▶ What the exercise asks
Return exactly the lines below, starting with the one that has "CPCA名誉秘书长王龙基、秘" and going on through the one that has "接下来,与会青年学者分别就其".

▶ Record excerpts
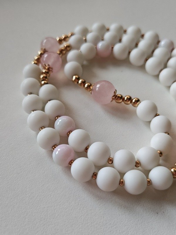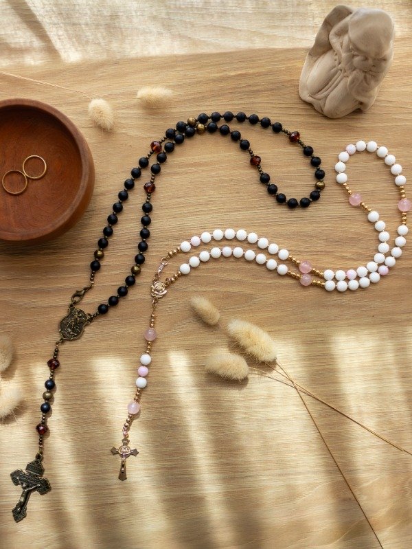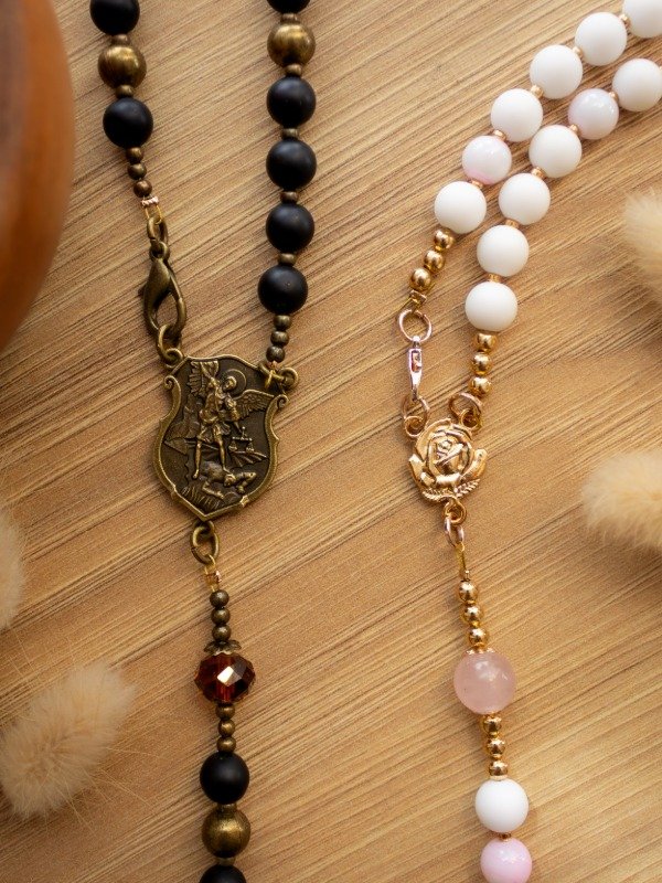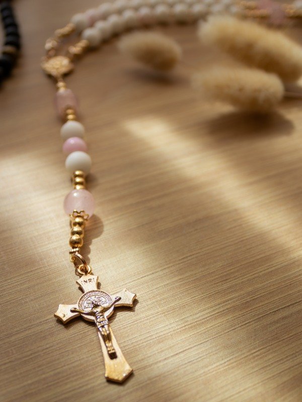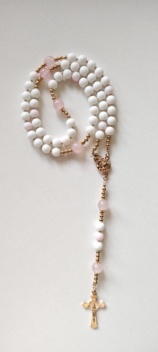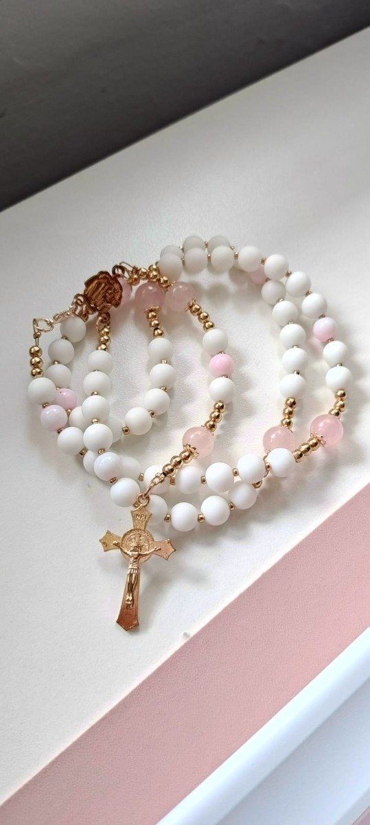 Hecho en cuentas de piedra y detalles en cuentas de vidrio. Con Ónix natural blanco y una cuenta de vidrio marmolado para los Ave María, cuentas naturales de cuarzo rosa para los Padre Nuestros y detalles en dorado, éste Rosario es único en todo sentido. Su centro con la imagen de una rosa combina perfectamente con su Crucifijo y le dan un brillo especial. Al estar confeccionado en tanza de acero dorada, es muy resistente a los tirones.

* * *

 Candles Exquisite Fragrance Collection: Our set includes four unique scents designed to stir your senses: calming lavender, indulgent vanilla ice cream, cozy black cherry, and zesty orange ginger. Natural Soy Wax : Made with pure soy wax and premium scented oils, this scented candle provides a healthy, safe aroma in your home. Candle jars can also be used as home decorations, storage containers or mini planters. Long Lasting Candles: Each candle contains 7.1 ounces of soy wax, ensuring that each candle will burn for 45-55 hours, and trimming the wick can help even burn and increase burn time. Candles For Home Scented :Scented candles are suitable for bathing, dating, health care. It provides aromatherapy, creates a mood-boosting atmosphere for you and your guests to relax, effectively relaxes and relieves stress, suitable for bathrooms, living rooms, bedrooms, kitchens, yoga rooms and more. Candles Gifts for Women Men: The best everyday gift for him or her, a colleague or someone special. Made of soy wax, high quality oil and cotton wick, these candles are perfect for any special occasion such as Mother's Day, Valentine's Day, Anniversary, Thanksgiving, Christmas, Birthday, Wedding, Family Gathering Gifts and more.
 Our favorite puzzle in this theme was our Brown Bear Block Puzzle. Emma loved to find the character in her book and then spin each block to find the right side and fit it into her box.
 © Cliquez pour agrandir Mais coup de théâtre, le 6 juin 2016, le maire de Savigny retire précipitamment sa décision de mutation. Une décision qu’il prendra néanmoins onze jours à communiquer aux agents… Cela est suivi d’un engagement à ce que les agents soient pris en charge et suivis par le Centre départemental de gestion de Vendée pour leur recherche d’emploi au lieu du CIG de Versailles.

---

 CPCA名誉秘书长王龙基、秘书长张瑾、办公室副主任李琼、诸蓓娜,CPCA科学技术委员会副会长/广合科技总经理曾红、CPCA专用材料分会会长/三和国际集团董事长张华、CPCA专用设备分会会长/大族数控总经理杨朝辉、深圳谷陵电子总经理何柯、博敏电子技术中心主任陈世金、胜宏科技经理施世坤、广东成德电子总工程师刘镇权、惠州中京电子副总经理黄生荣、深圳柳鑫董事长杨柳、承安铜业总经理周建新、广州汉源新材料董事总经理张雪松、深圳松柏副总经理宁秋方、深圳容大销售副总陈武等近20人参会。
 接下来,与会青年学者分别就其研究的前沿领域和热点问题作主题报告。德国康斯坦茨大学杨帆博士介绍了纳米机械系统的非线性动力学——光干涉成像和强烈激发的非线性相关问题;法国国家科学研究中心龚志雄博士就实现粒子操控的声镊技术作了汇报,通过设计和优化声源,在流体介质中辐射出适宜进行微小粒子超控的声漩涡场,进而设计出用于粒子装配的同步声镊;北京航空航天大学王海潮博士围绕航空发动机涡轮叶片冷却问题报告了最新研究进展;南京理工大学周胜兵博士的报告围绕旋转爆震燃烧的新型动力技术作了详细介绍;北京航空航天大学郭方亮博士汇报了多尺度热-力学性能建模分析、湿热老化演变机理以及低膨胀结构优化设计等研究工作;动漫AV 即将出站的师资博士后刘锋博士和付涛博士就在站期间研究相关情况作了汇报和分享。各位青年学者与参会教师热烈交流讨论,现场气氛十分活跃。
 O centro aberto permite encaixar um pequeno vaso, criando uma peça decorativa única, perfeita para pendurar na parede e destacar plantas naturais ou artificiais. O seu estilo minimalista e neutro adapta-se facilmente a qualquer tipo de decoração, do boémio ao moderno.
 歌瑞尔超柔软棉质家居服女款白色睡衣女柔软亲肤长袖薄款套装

▶ Answer space
 CPCA名誉秘书长王龙基、秘书长张瑾、办公室副主任李琼、诸蓓娜,CPCA科学技术委员会副会长/广合科技总经理曾红、CPCA专用材料分会会长/三和国际集团董事长张华、CPCA专用设备分会会长/大族数控总经理杨朝辉、深圳谷陵电子总经理何柯、博敏电子技术中心主任陈世金、胜宏科技经理施世坤、广东成德电子总工程师刘镇权、惠州中京电子副总经理黄生荣、深圳柳鑫董事长杨柳、承安铜业总经理周建新、广州汉源新材料董事总经理张雪松、深圳松柏副总经理宁秋方、深圳容大销售副总陈武等近20人参会。
 接下来,与会青年学者分别就其研究的前沿领域和热点问题作主题报告。德国康斯坦茨大学杨帆博士介绍了纳米机械系统的非线性动力学——光干涉成像和强烈激发的非线性相关问题;法国国家科学研究中心龚志雄博士就实现粒子操控的声镊技术作了汇报,通过设计和优化声源,在流体介质中辐射出适宜进行微小粒子超控的声漩涡场,进而设计出用于粒子装配的同步声镊;北京航空航天大学王海潮博士围绕航空发动机涡轮叶片冷却问题报告了最新研究进展;南京理工大学周胜兵博士的报告围绕旋转爆震燃烧的新型动力技术作了详细介绍;北京航空航天大学郭方亮博士汇报了多尺度热-力学性能建模分析、湿热老化演变机理以及低膨胀结构优化设计等研究工作;动漫AV 即将出站的师资博士后刘锋博士和付涛博士就在站期间研究相关情况作了汇报和分享。各位青年学者与参会教师热烈交流讨论,现场气氛十分活跃。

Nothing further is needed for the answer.